Does that sound about right?
There's really no substantive difference between that and what they're doing here, other than they're purposefully using a crappier model than GPT 3.5/ChatGPT to increase the cost savings.
For example, the first set of graphics is demonstrating switching a long question with 5 Q/A examples ("5-shot", in the literature) into ~4 sentences that are a paraphrasing of the question and have one or two very brief examples without reasoning.
That's all well and fine if you're confident the model is so amazing that it answers as well as it does with 1-shot as it does with 5-shot, but it is very, very, very likely that is not the case. Additionally, now you're adding this odd layer between the user's input and OpenAI that will easily be "felt".
It reads like a slightly garbled version of what someone writing down bullet point notes of a lecture might write.
It’s so rare that the human optimized and machine optimized versions of an input are so similar
The examples folder contain jupyter notebooks, there's also some videos and papers, while I just want to see an example text compressed
Linked for the culture: https://www.youtube.com/watch?v=bctjSvn-OC8&t=4s
Sleep big last night
I don’t think this models use of alignment implies any sort of censorship, it’s just being tuned to accomplish the task of outputting only important tokens for the target llm
I agree that like "tone" alignment is silly and pointless for models in the public domain, but if I were a big company who wanted to keep customers I'd align my models this way. It isn't censorship, its marketing.
For instance, you can have a smaller model generate ten tokens in sequence, and then ask the larger mode "given these N tokens, what is the token N+1" ten times in parallel.
If the large and small model agree on, say, the first 7 tokens, then you keep these and throw the next 3 away and start over. So you still have to run the large model for each token, but you can at least do batch calculations (which is a lot more efficient, because loading layer weights is the bottleneck, not matrix ops).
``` {'compressed_prompt': '\t | submit\twout\nLLMLing byqtyTo\n\n. ". which\nq1 that only down human\nnextaccount many examples,pressed\nq4\n\n as semantic\n" having noreings of isating withoutre this and\n31] a\n\n the0 of, to workaroundqTo\ning after and in loss\n\n time say -. Word a\nb-leep big\n\nsr the\namshipIqToMy hear alignment to its andics this only target\n will tokensq be: The the usinging\n\nbeamIt" mying\na large expensive am\n\n generate larger"3 loading).\n\nThe expansionB run has this if\nhas] agents think it\n\npyinstall into game in " promptter\nos\n particular (. ( == transformations to given smaller) ownups\n\n this better [] thewithout\n\n. is -Error medium\n\n<\n decode\n\r\nbehnamoh 1 day ago | prev [3 more]\r\n\r\n\r\n\r\n\r\n\r\nGuidelines | FAQ | Lists | API | Security | Legal | Apply to YC | Contact\r\n\r\nSearch: \r\n', 'origin_tokens': 2863, 'compressed_tokens': 217, 'ratio': '13.2x', 'saving': ', Saving $0.2 in GPT-4.'} ```
Chat GPT4 doesn't know what to do with it: https://chat.openai.com/share/73bc7b96-4453-4a6e-944d-d9d4c5...
Maybe try prefixing it with “summarize the following text” before compression.
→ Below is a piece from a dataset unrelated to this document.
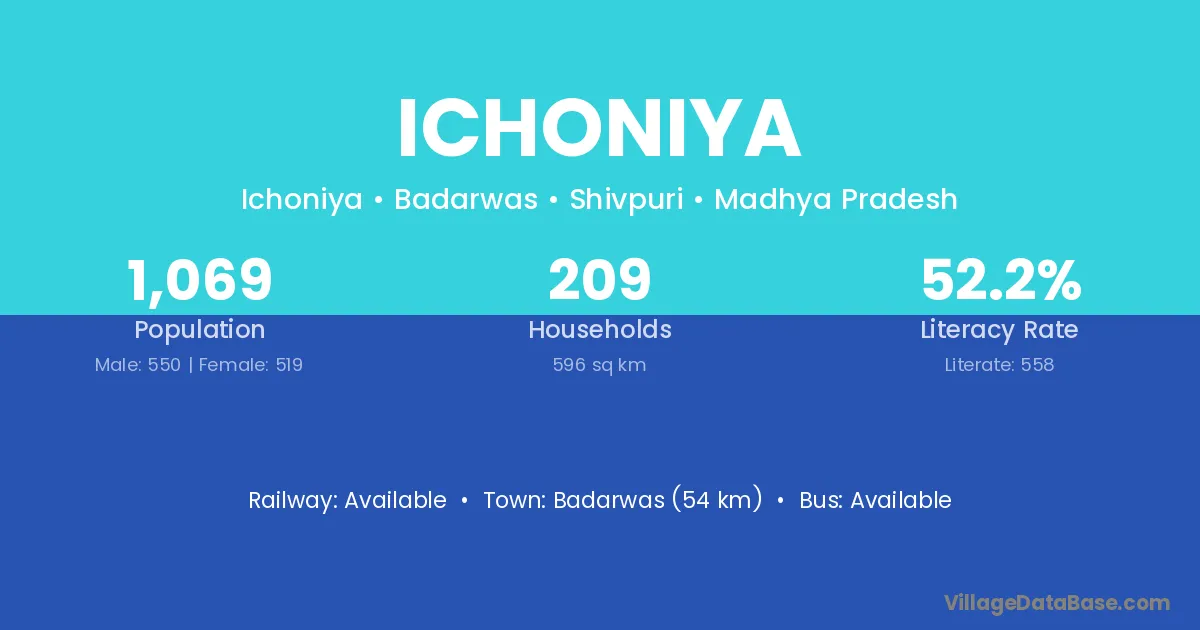Badarwas (54 km) is the nearest town to Ichoniya village for major economic activities and is located approximately 54 km away.

Otherwise I’m not sure how it would judge what it’s important. Honestly I’m not sure what ChatGPT would do if you copied the text from this page uncompressed without asking it do something
Edit: pasting uncompressed it summarizes the discussion.
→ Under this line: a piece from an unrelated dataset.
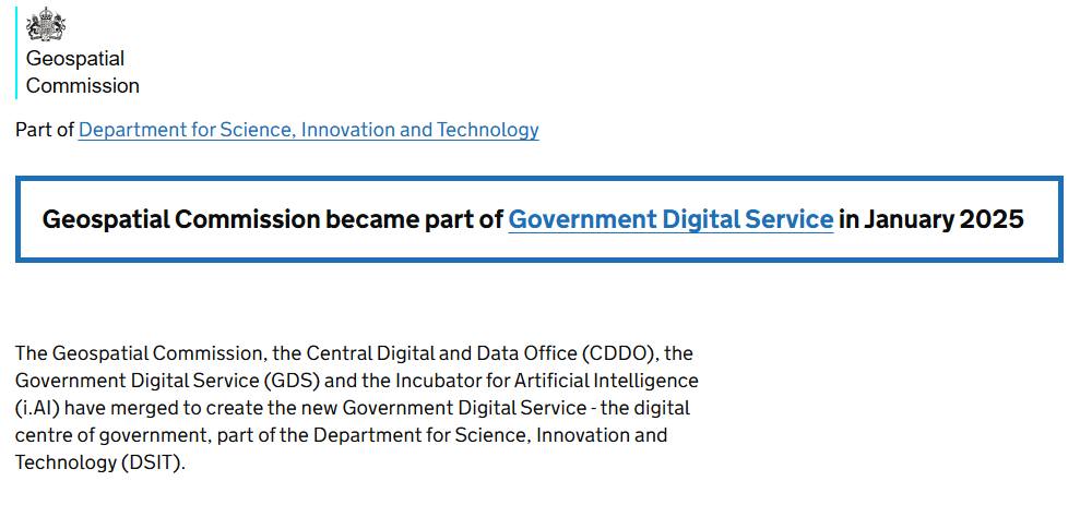 1. 영국 공간정보위원회(Geospatial Commission)는 2025년 1월부터 과학기술혁신부 산하 정부디지털서비스 소속으로 변경. 이에 따라 과학기술혁신부가 영국 지리원(Ordnance Survey) 지분 100% 보유. 공간정보를 디지털 자산의 일환으로 간주.

I think this solution isn’t well suited for this kind of task. It seems like you’d want to compress instructions, system prompts and memory. With a big block of text with no prior context you’re essentially relying on the smaller model to decide what’s important without enough information to judge.
Worth some more experimentation for sure
If you get enough data on "initial prompt attempt" -> "final successful prompt", the whole thing can be replaced by a fine tuned model.
You would just select a "prompt rewritter llm" that optimizes for accuracy, cost, alignment etc.
I am not actually convinced this is a good idea, though. This path eventually leads to a "prompt compiler" that compiles prompts into byte code for a future "more efficient" LLM to understand.
Oh and it definitely didn't require its own language model. All it required was finding how many letters one can remove from a word and which words can be completely omitted.
One way to increase the context window, I thought, would be to teach the LLM a compressed language based on abbreviations etc and to have some compressing/uncompressing script do the translating with the LLM. That would allow longer prompts too.
Not as sophisticated as this LLMLingua but good enough for basic users.
<Do something> with the following text:
<some text>
Btw., humans are quite good at compressing as well. SMS used to be billed per 128 characters. Also, any slang or technical jargon are attempts at compression. These are how people push the limits of expressivness and contribute to language evolution.